→ What you will do
Go to the line containing "alte Recke liegt" and retype it and every later line exactly as written, up to the last line of the entries. Keep pictures out.

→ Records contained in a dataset
------------------------

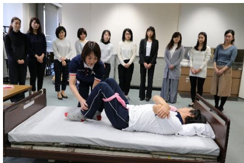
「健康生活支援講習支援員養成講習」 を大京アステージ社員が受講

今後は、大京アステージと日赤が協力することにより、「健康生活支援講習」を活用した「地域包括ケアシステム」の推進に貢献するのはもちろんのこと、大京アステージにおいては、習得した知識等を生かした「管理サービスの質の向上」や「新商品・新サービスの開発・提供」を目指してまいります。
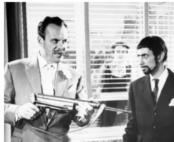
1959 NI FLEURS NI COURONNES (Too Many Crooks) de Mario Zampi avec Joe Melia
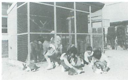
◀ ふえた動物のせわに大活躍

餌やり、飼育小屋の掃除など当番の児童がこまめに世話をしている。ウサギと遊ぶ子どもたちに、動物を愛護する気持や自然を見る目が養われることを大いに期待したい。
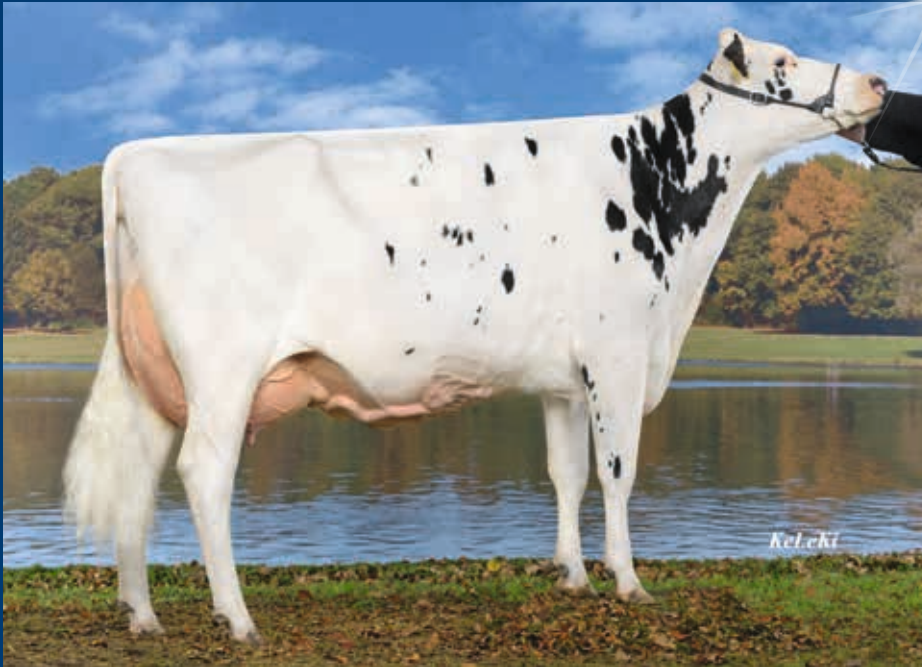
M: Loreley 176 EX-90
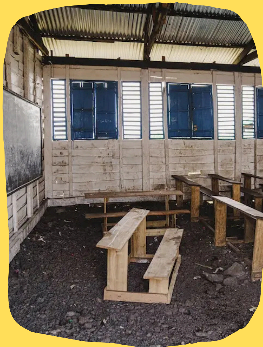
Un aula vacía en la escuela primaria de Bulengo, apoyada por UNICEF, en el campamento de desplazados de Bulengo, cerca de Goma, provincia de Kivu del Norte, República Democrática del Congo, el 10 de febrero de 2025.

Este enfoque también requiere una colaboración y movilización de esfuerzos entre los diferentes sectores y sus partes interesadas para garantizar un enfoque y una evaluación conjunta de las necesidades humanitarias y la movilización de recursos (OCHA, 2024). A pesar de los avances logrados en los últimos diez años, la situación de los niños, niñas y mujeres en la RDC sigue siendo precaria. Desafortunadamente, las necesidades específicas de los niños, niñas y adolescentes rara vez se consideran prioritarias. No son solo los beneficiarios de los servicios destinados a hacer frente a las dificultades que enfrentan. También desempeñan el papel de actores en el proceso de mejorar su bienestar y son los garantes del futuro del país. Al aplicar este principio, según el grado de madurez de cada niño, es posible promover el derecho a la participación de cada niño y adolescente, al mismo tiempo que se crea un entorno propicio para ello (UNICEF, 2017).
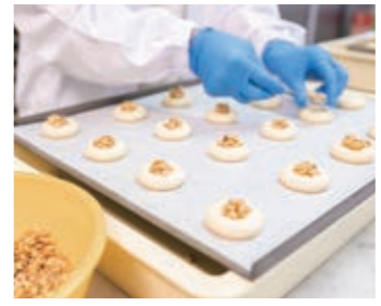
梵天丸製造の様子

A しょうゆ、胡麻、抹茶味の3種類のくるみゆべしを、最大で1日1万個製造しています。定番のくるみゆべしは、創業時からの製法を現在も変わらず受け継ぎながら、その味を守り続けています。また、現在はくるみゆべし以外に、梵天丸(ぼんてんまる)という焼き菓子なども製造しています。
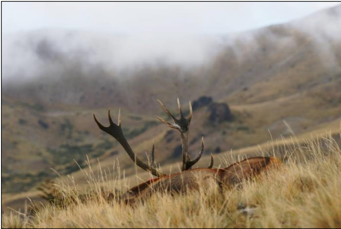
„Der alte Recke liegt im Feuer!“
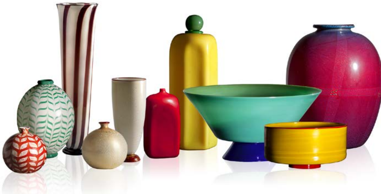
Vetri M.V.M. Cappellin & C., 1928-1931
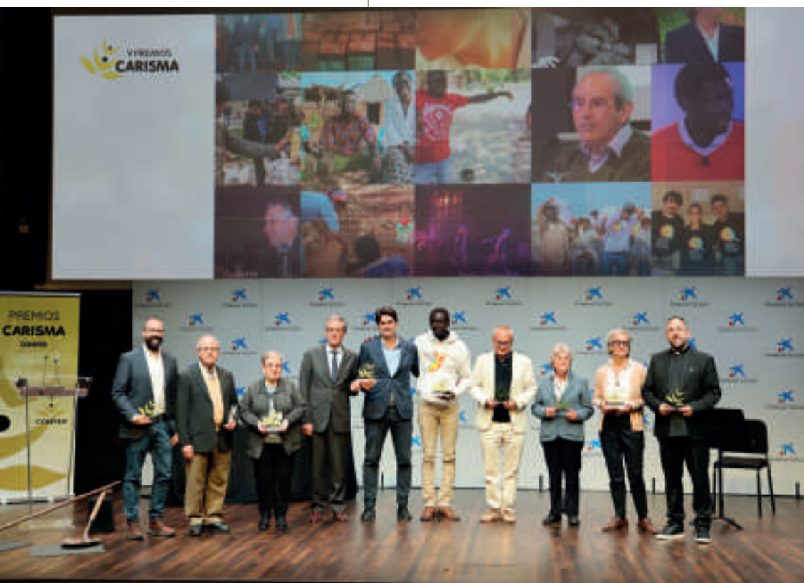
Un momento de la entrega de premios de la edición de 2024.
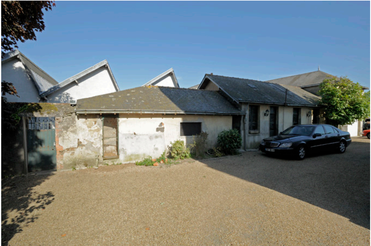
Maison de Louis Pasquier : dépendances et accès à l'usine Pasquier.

------------------------

→ Answer space
„Der alte Recke liegt im Feuer!“
Vetri M.V.M. Cappellin & C., 1928-1931
Un momento de la entrega de premios de la edición de 2024.
Maison de Louis Pasquier : dépendances et accès à l'usine Pasquier.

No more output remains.